*Assignment:* From the records below, transcribe only the lines running from the one with "Distribution of the" through the one with "在客厅内也不缺少绿植元素,角". Keep both of those end lines.

*Extracted material:*
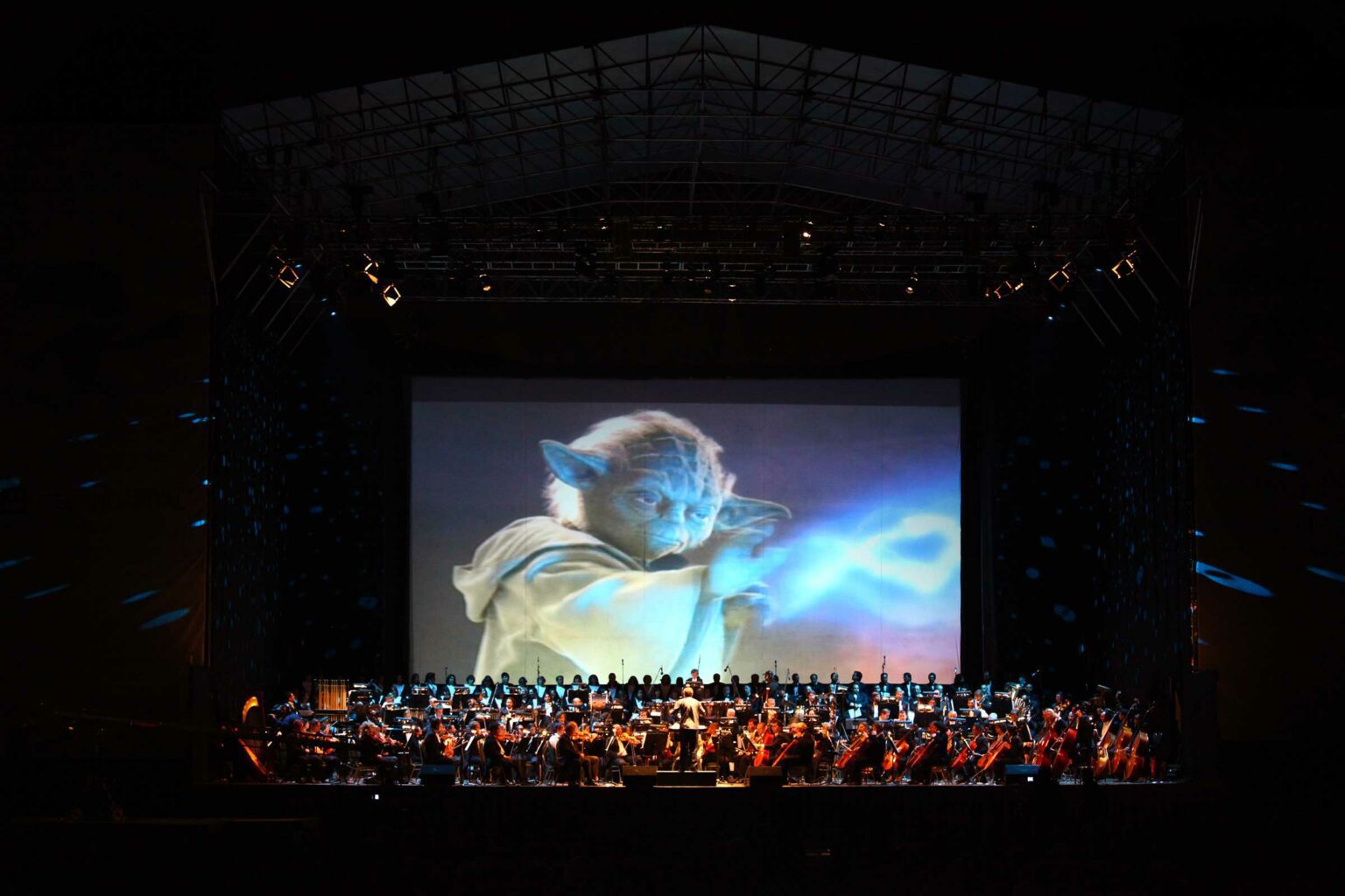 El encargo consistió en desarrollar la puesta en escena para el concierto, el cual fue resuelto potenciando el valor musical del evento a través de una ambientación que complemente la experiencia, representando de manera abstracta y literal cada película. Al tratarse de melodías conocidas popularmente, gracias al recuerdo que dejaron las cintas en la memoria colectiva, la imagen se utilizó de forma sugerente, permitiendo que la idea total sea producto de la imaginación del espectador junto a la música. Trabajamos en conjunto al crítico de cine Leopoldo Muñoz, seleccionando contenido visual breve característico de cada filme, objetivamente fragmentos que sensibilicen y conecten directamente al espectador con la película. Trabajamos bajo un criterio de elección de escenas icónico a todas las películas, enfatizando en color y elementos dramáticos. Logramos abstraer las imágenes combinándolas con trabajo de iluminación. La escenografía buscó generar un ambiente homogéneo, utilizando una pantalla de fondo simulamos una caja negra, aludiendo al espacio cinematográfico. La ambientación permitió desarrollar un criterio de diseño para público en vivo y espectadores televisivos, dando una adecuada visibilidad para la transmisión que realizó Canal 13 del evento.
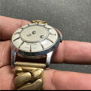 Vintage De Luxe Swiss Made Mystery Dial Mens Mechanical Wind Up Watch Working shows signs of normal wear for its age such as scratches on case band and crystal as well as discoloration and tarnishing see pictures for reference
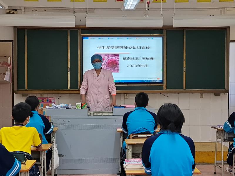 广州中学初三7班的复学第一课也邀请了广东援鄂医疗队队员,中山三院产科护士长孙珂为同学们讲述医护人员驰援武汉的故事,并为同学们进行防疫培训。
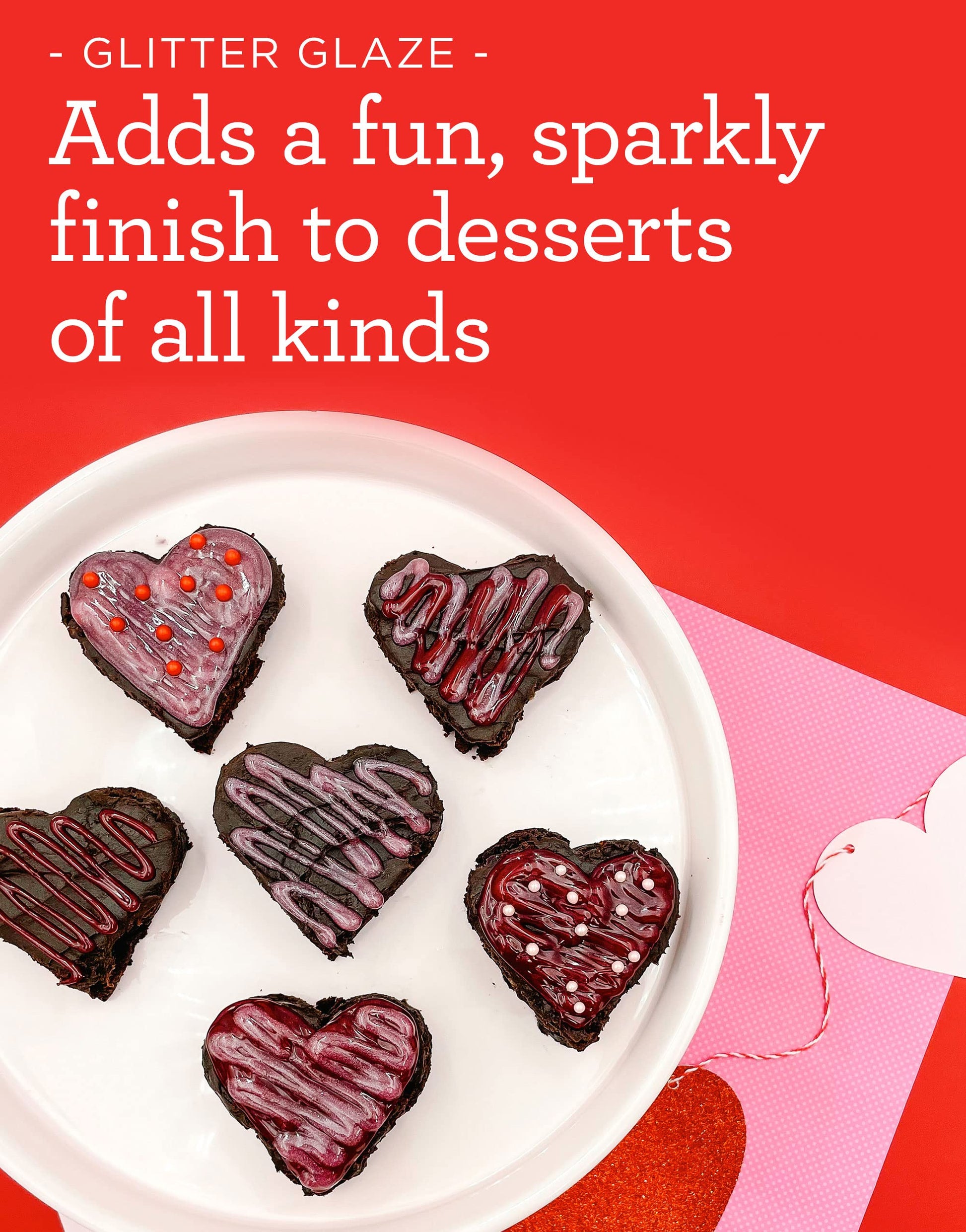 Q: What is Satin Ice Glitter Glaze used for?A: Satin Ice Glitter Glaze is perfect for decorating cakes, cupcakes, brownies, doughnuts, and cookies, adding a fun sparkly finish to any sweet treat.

...

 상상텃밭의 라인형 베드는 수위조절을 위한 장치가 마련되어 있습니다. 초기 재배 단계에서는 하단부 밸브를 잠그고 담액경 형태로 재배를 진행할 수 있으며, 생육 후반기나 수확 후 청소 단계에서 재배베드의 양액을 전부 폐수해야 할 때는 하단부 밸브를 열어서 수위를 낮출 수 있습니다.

...

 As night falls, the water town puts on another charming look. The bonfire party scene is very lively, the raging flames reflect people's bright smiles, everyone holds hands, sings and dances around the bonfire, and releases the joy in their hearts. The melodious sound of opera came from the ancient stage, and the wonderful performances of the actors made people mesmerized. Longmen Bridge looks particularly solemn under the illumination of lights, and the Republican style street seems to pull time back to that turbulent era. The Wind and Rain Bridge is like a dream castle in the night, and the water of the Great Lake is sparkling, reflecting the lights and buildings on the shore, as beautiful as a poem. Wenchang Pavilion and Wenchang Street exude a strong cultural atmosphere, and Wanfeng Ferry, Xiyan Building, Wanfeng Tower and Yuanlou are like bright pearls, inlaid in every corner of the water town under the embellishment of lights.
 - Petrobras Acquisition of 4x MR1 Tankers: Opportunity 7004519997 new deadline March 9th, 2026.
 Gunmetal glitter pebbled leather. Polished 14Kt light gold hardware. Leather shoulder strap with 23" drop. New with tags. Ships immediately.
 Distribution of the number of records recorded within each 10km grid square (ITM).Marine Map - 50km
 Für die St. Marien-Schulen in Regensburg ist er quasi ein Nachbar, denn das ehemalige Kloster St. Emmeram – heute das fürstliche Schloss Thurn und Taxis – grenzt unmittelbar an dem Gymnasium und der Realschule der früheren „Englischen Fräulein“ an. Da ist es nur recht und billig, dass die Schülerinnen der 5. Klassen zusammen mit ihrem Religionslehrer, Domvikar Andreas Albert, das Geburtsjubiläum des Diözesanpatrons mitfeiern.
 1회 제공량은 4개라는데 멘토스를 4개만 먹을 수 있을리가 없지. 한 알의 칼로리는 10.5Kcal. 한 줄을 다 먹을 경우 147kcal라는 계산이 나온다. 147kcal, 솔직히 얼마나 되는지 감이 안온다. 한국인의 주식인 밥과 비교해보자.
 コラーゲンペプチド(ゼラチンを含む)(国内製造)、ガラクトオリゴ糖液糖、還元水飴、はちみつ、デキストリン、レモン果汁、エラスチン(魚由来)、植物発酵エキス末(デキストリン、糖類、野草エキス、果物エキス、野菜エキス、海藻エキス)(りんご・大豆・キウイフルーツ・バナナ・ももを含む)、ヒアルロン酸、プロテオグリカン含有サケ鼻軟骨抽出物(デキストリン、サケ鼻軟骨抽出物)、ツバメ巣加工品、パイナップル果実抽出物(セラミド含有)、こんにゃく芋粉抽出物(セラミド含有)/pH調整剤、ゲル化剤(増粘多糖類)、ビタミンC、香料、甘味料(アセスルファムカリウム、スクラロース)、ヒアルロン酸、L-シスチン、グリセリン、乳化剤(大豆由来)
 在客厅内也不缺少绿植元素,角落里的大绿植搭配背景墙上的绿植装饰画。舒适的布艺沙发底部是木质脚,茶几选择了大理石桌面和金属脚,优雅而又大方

*Task solution:*
 Distribution of the number of records recorded within each 10km grid square (ITM).Marine Map - 50km
 Für die St. Marien-Schulen in Regensburg ist er quasi ein Nachbar, denn das ehemalige Kloster St. Emmeram – heute das fürstliche Schloss Thurn und Taxis – grenzt unmittelbar an dem Gymnasium und der Realschule der früheren „Englischen Fräulein“ an. Da ist es nur recht und billig, dass die Schülerinnen der 5. Klassen zusammen mit ihrem Religionslehrer, Domvikar Andreas Albert, das Geburtsjubiläum des Diözesanpatrons mitfeiern.
 1회 제공량은 4개라는데 멘토스를 4개만 먹을 수 있을리가 없지. 한 알의 칼로리는 10.5Kcal. 한 줄을 다 먹을 경우 147kcal라는 계산이 나온다. 147kcal, 솔직히 얼마나 되는지 감이 안온다. 한국인의 주식인 밥과 비교해보자.
 コラーゲンペプチド(ゼラチンを含む)(国内製造)、ガラクトオリゴ糖液糖、還元水飴、はちみつ、デキストリン、レモン果汁、エラスチン(魚由来)、植物発酵エキス末(デキストリン、糖類、野草エキス、果物エキス、野菜エキス、海藻エキス)(りんご・大豆・キウイフルーツ・バナナ・ももを含む)、ヒアルロン酸、プロテオグリカン含有サケ鼻軟骨抽出物(デキストリン、サケ鼻軟骨抽出物)、ツバメ巣加工品、パイナップル果実抽出物(セラミド含有)、こんにゃく芋粉抽出物(セラミド含有)/pH調整剤、ゲル化剤(増粘多糖類)、ビタミンC、香料、甘味料(アセスルファムカリウム、スクラロース)、ヒアルロン酸、L-シスチン、グリセリン、乳化剤(大豆由来)
 在客厅内也不缺少绿植元素,角落里的大绿植搭配背景墙上的绿植装饰画。舒适的布艺沙发底部是木质脚,茶几选择了大理石桌面和金属脚,优雅而又大方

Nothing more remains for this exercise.